В Аббевилле, до которого они добрались часом позже, у лучшей в городе гостиницы их поджидал Синдерби. Известия, сообщенные им, вызвали у сэра Ньюджента сильнейшее раздражение, к которому примешивалось недоверие. Синдерби доложил о постигшей его неудаче. Он не сумел убедить владельца лучшей гостиницы ни выселить остальных постояльцев из занимаемых ими комнат, ни продать свое заведение сэру Ньюдженту целиком.
– Я предупреждал вас, сэр, о том, что такое может произойти, – добавил Синдерби голосом, лишенным всяческого выражения.
– Отказывается продавать? – переспросил сэр Ньюджент. – Любезный, а вы сообщили ему, кто я такой?
– Похоже, это его ничуть не заинтересовало.
– А вы сказали ему, что я – обладатель самого крупного состояния в Англии?
– Разумеется, сэр. В ответ он попросил меня передать вам его поздравления.
– Должно быть, он окончательно спятил! – провозгласил ошеломленный сэр Ньюджент.
– Любопытно слышать подобные речи от вас, сэр, – отозвался Синдерби. – Именно это сказал мне и он – только, разумеется, по-французски.
– Это уже переходит всяческие границы! – вскричал сэр Ньюджент, лицо которого побагровело от гнева. – Сказать такое мне! Я покажу этому чертовому кабатчику, что не привык к отказам! Ступайте и передайте ему: когда Ньюдженту Фотерби что-нибудь нужно, он покупает это не торгуясь!
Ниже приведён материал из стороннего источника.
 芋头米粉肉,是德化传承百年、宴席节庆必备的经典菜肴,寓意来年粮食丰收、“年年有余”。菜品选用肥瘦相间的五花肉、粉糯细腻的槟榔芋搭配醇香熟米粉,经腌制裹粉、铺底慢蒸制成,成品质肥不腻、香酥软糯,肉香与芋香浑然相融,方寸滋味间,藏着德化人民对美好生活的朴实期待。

– В жизни не слыхала подобной ерунды! – заявила Феба, у которой в конце концов лопнуло терпение. – Перестаньте скандалить, сэр Ньюджент, и будьте добры сообщить мне, остаемся мы здесь или нет! Быть может, вас это совершенно не волнует, но у меня на руках несчастный ребенок, едва живой от усталости, а вы стоите и надуваете щеки, демонстрируя собственную значимость!
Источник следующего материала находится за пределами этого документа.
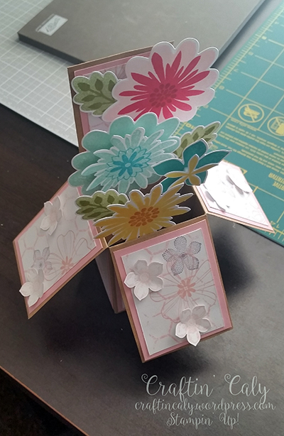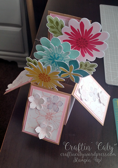 CARD IN A BOX. These are the coolest cards. It folds flat into a standard card size and fits in a regular envelope. When you open the card and stand it up, it’s a box with pop up sentiments!

Такая неожиданная отповедь настолько ошеломила сэра Ньюджента, что он не нашелся с ответом; Синдерби, глядя на мисс Марлоу с легким одобрением в холодных глазах, сказал:
– Помня о ваших указаниях обеспечить ее милости полный покой, сэр, я устроил ее размещение в куда более скромном заведении. Оно не претендует на звание фешенебельного, но благодаря своему расположению вдали от центра города может оказаться вполне приемлемым для ее милости. С радостью сообщаю, что мне удалось убедить мадам хозяйку предоставить всю гостиницу в ваше исключительное распоряжение, сэр, и на такой срок, какой вы сочтете необходимым и желательным, при условии, что те три постояльца, которых она уже поселила у себя, выразят желание съехать.
– Вы же не хотите сказать, будто они выразили такую готовность, а? – пожелал узнать Том.
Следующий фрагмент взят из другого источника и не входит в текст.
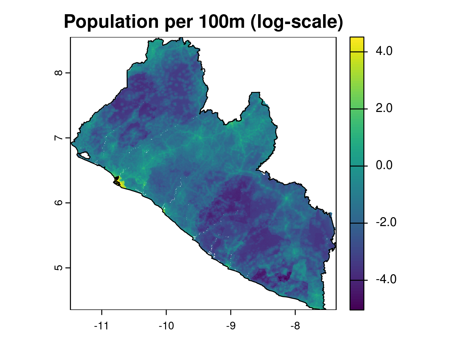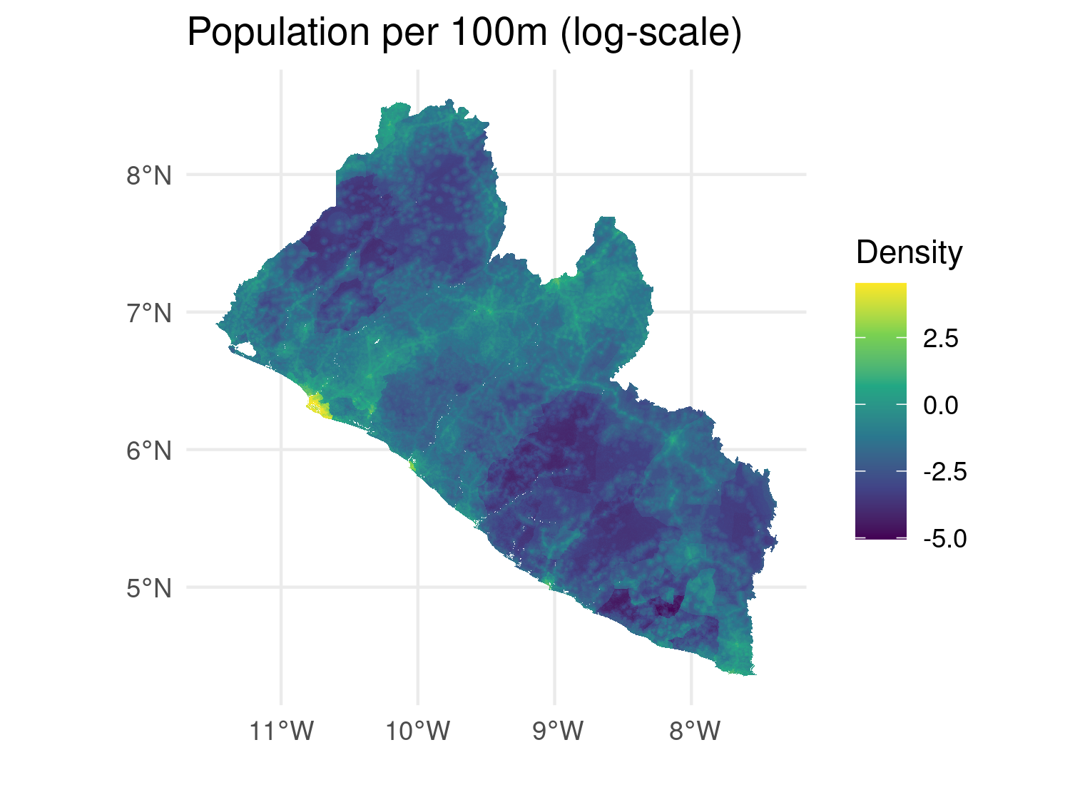 Population density is a key covariate in geostatistical models for public health research. In this section, we demonstrate how to retrieve high-resolution population data for Liberia from WorldPop using the wpgpDownloadR package. This package provides easy access to the WorldPop datasets, which offers gridded population estimates at various spatial resolutions.

– Поначалу – нет, сэр. Однако, стоило им осознать, что оставшуюся часть своего пребывания в Аббевилле – надеюсь, не слишком продолжительного – они смогут провести в тех самых апартаментах, кои я забронировал для сэра Ньюджента в этом самом отеле, причем за его счет, они сразу выразили полное согласие поступить в соответствии с его желаниями. Итак, сэр, если вы присоединитесь к ее милости в дорожной колеснице, я сопровожу вас в «Poisson Rouge»[72].
Сэр Ньюджент недовольно нахмурился и застыл на месте, оттопырив нижнюю губу. В роли побудительной силы довелось выступить Эдмунду.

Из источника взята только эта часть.